What Is a Good Personal Loan Rate?

If you watch any of the financial news stations on television these days, you may hear that the “Fed” rate is 0%, but that certainly doesn’t mean that that is the interest rate you will pay! The Fed rate really bears no relation to what a personal loan rate would be, other than when it is high, so is your rate.

When times are tough like they are right now, it is a good time to borrow money. Interest rates are lower and you can borrow more money for a longer period of time for less money. The bad news is that if you are lucky enough to have any money in the bank or in investments, then you are making less money than you would during good times.

There are several things to keep in mind when you get a loan. First of all, the personal loan rate is usually expressed in terms of an annual percentage rate (APR). This is the rate that you would pay on all the money you owe during one year’s time.
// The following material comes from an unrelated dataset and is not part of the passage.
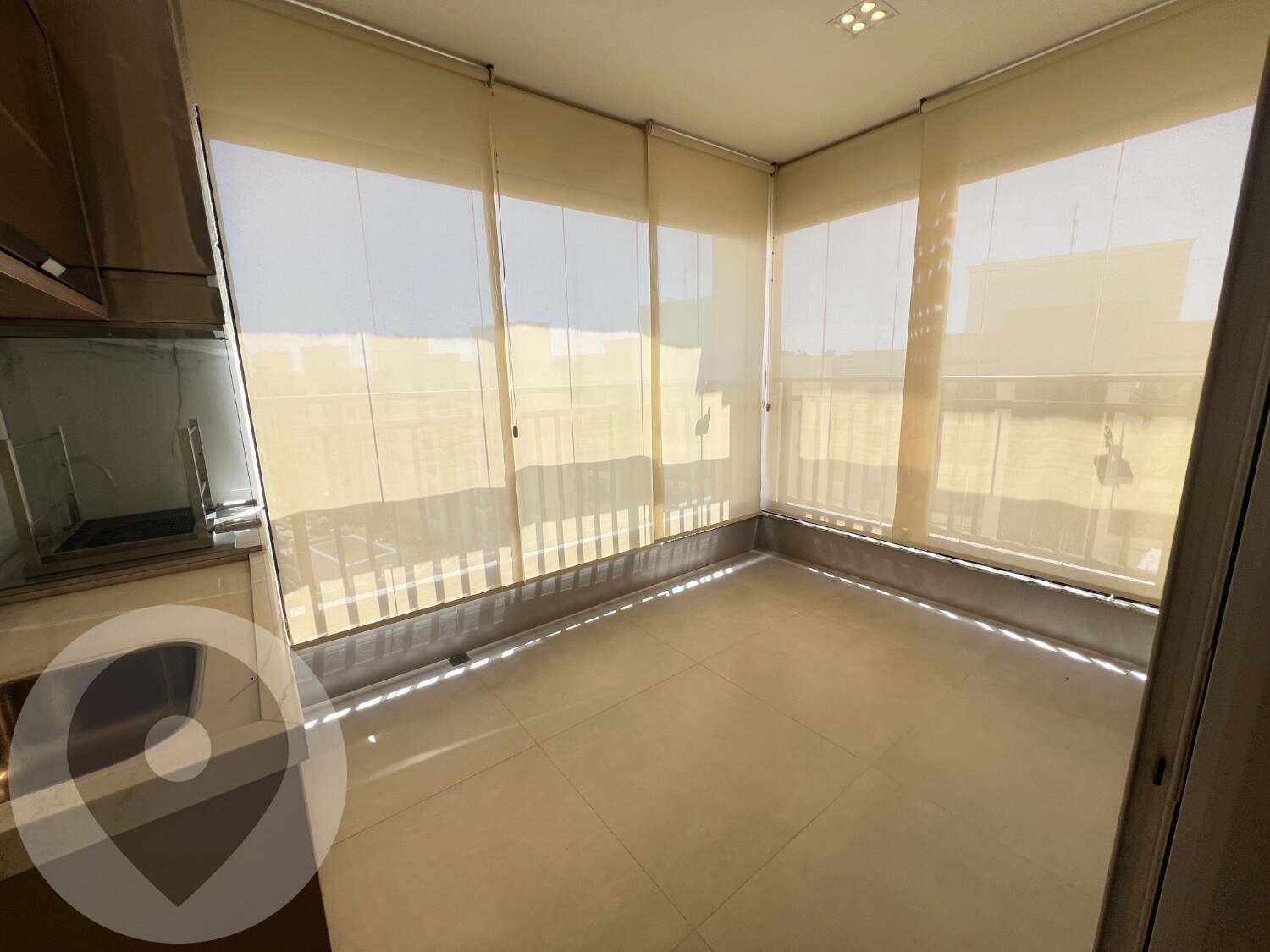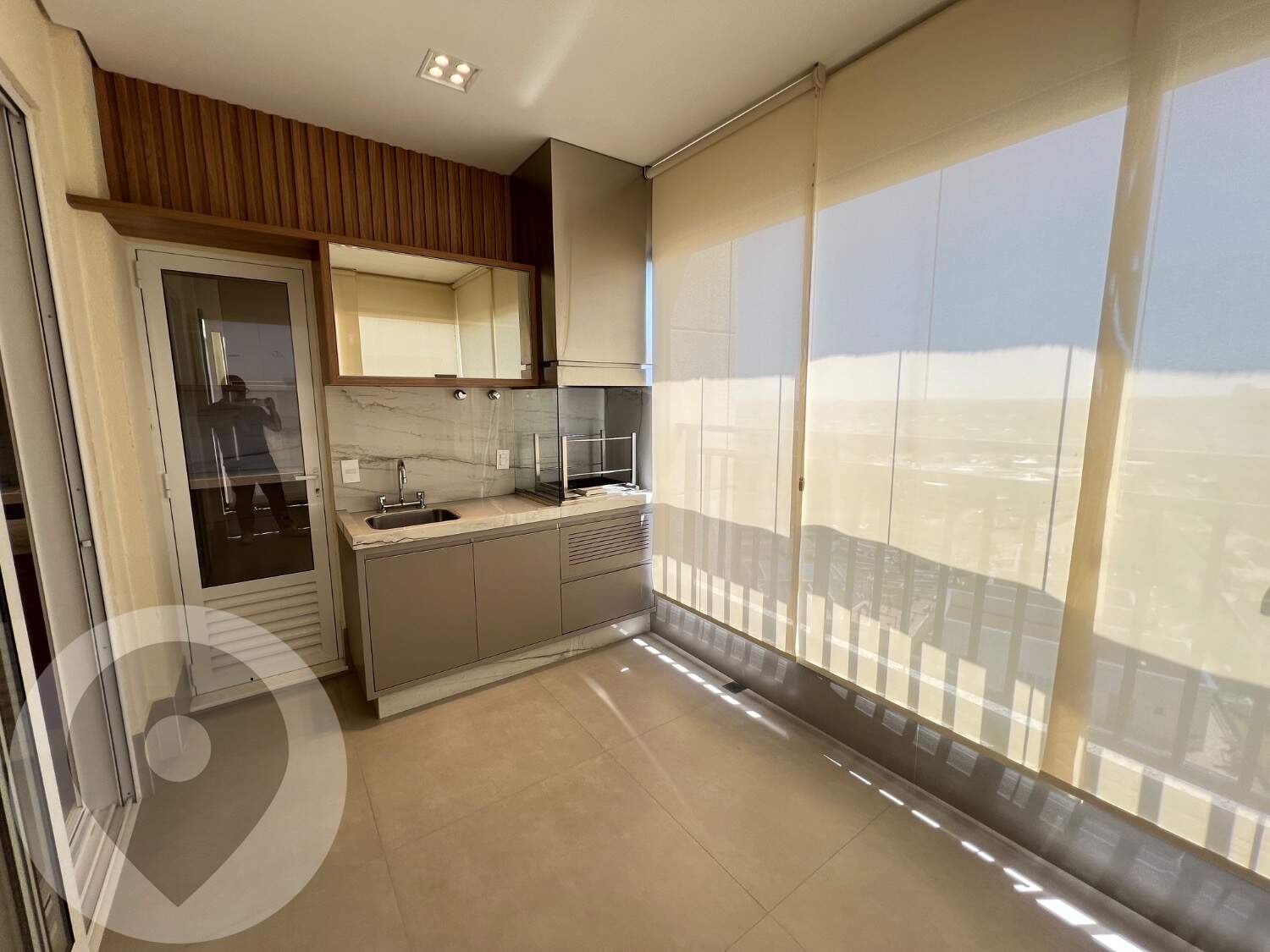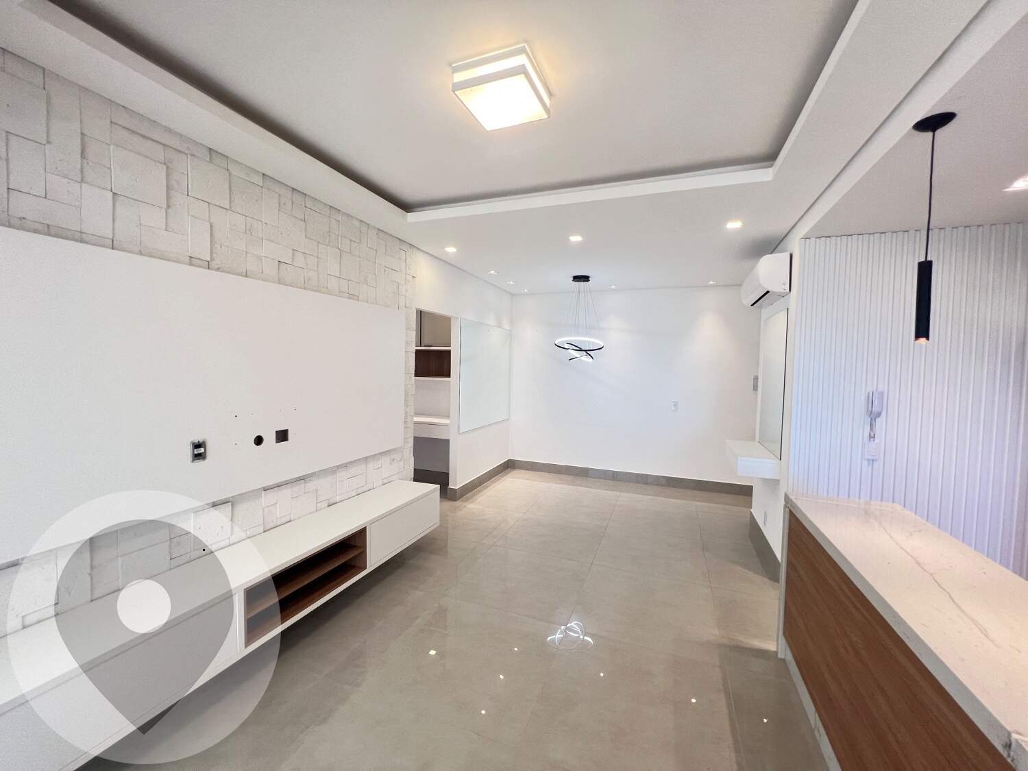 Sala ampla e climatizada, integrada à varanda gourmet com fechamento em vidro

But, if you are getting a loan for shorter than one year, you would only pay a percentage of that. Keep in mind that interest compounds (usually daily), so although the rate may say 5%, it is probably much higher than that when you consider compounded interest.

For example, a personal loan rate on a 5 year loan might be 5% APR, but over the course of five years, you would pay a lot more than 5% of the original borrowed amount. With all loans, the faster you are able to pay it off, the better, especially with short-term payday type loans. You always want to pay these back on time (and early if possible) to avoid extra charges or increased interest fees.